▶ _Aim of the exercise_:
Beginning with the line that holds "Yes, this canvas" and ending with the last line below, repeat each line exactly, leaving any pictures out.

=== Data block ===

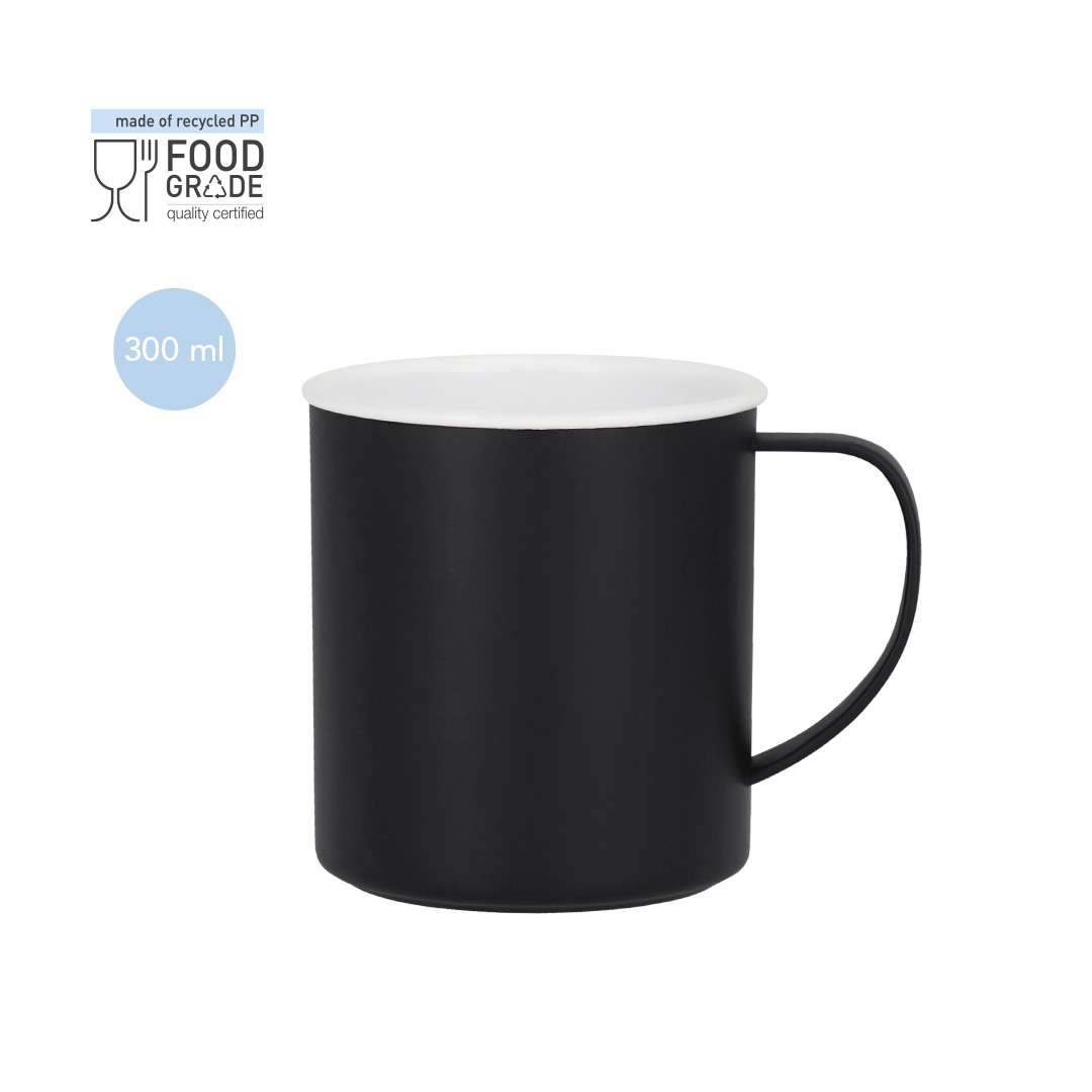 Tazza in PP riciclato con una capacità di 300 ml. Presenta un interno bianco e un esterno in colori distintivi. Senza BPA.Il PP riciclato è una plastica riciclata e altamente riciclabile, molto resistente e adatta a una moltitudine di applicazioni.Certificato per uso alimentare, garantendo la sicurezza quando il cibo viene a contatto con il materiale utilizzato per fabbricare il prodotto.
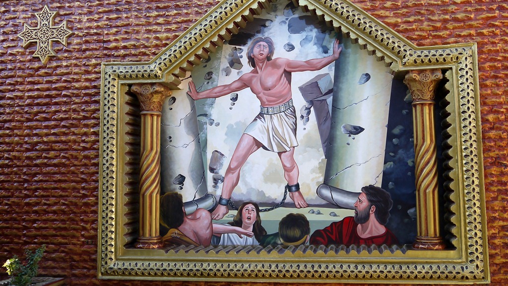 Simson duwt de Filistijnse tempelzuilen omver.
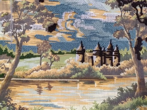 Yes, this canvas was well within my budget for a souvenir from France in 1985.  The merits also included being light weight, easily packed and a remembrance of travels while needlepointing.  The problem is… it is still unfinished in 2017…over 30 years later!
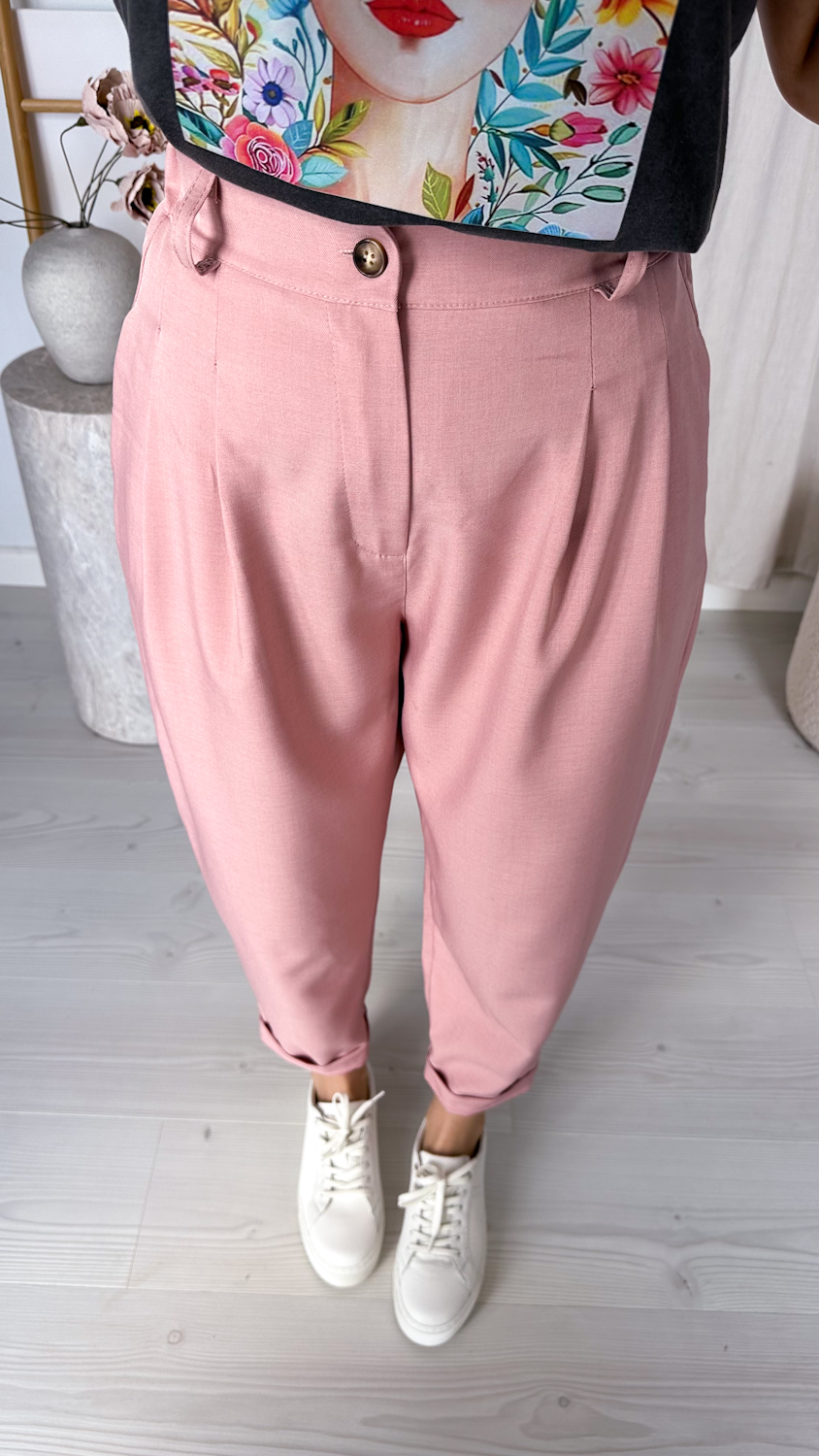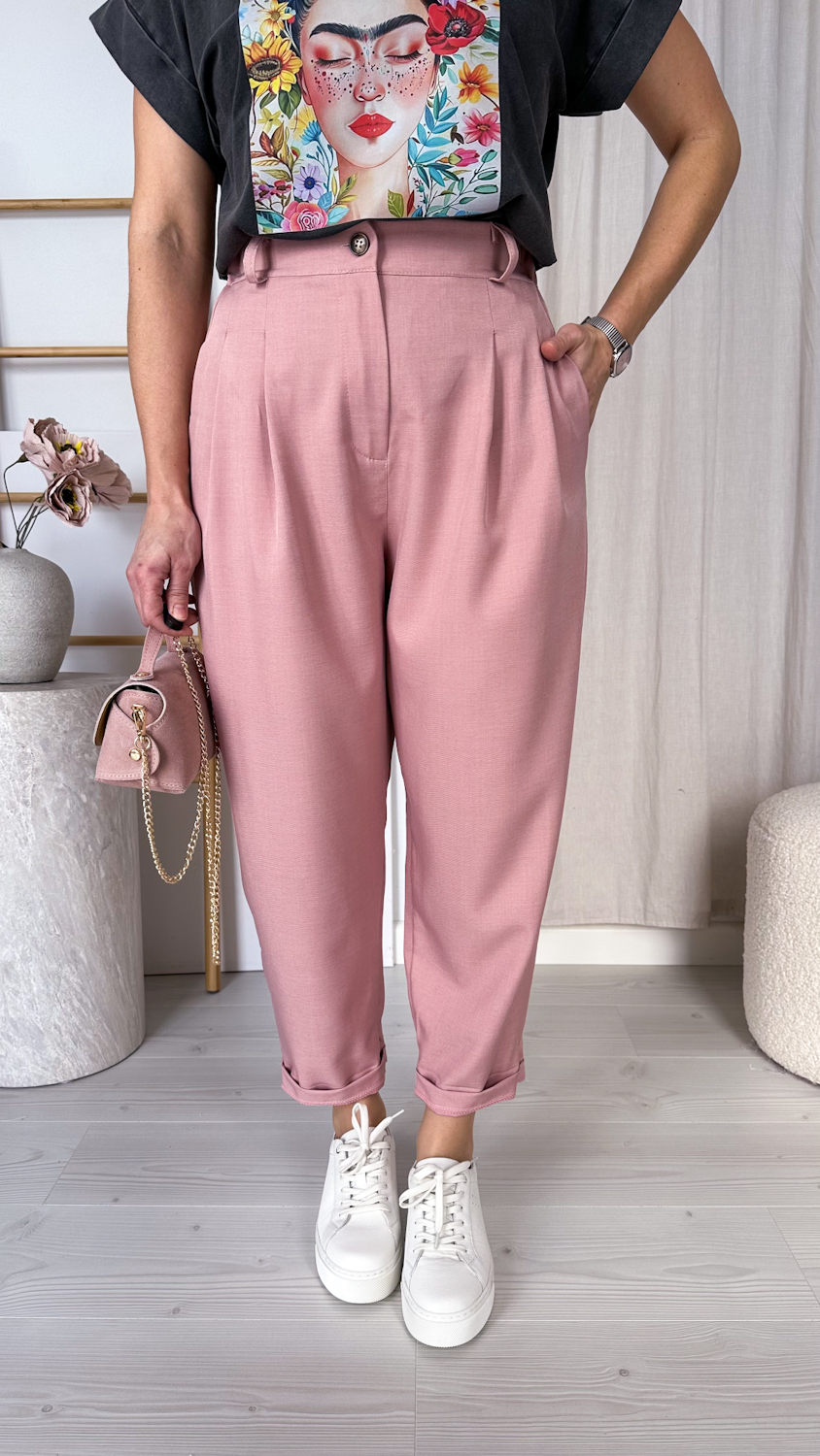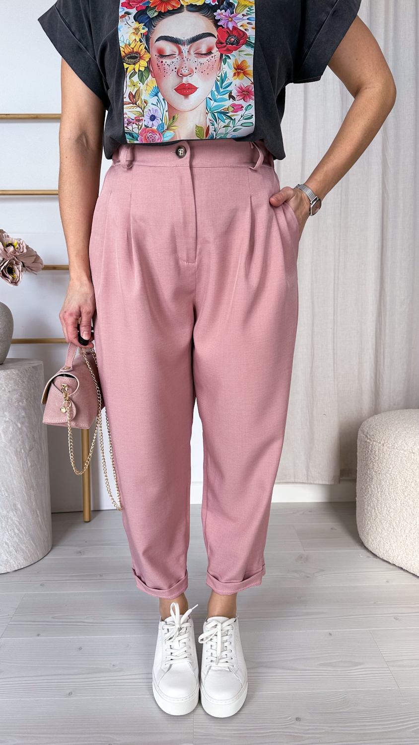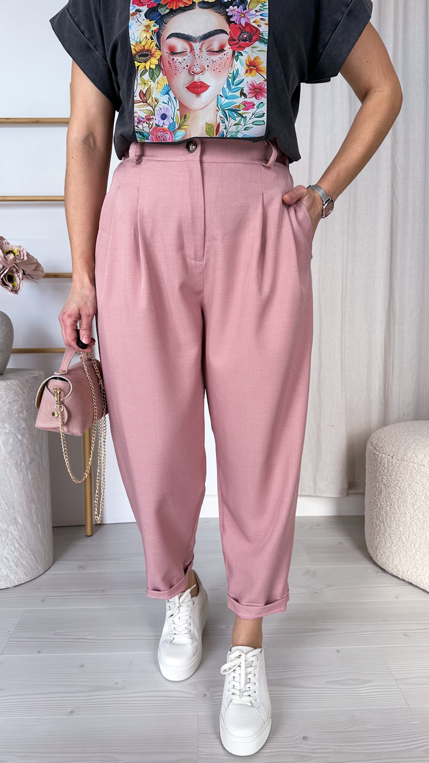 Stylowe spodnie o modnym kroju balonowym, z luźniejszą nogawką subtelnie zwężaną ku dołowi. Model z wysokim stanem pięknie podkreśla talię, a wszyta z tyłu elastyczna gumka w odcinku lędźwiowym zapewnia wygodę noszenia i lepsze dopasowanie do sylwetki.

===

▶ _Your response_:
 Yes, this canvas was well within my budget for a souvenir from France in 1985.  The merits also included being light weight, easily packed and a remembrance of travels while needlepointing.  The problem is… it is still unfinished in 2017…over 30 years later!
 Stylowe spodnie o modnym kroju balonowym, z luźniejszą nogawką subtelnie zwężaną ku dołowi. Model z wysokim stanem pięknie podkreśla talię, a wszyta z tyłu elastyczna gumka w odcinku lędźwiowym zapewnia wygodę noszenia i lepsze dopasowanie do sylwetki.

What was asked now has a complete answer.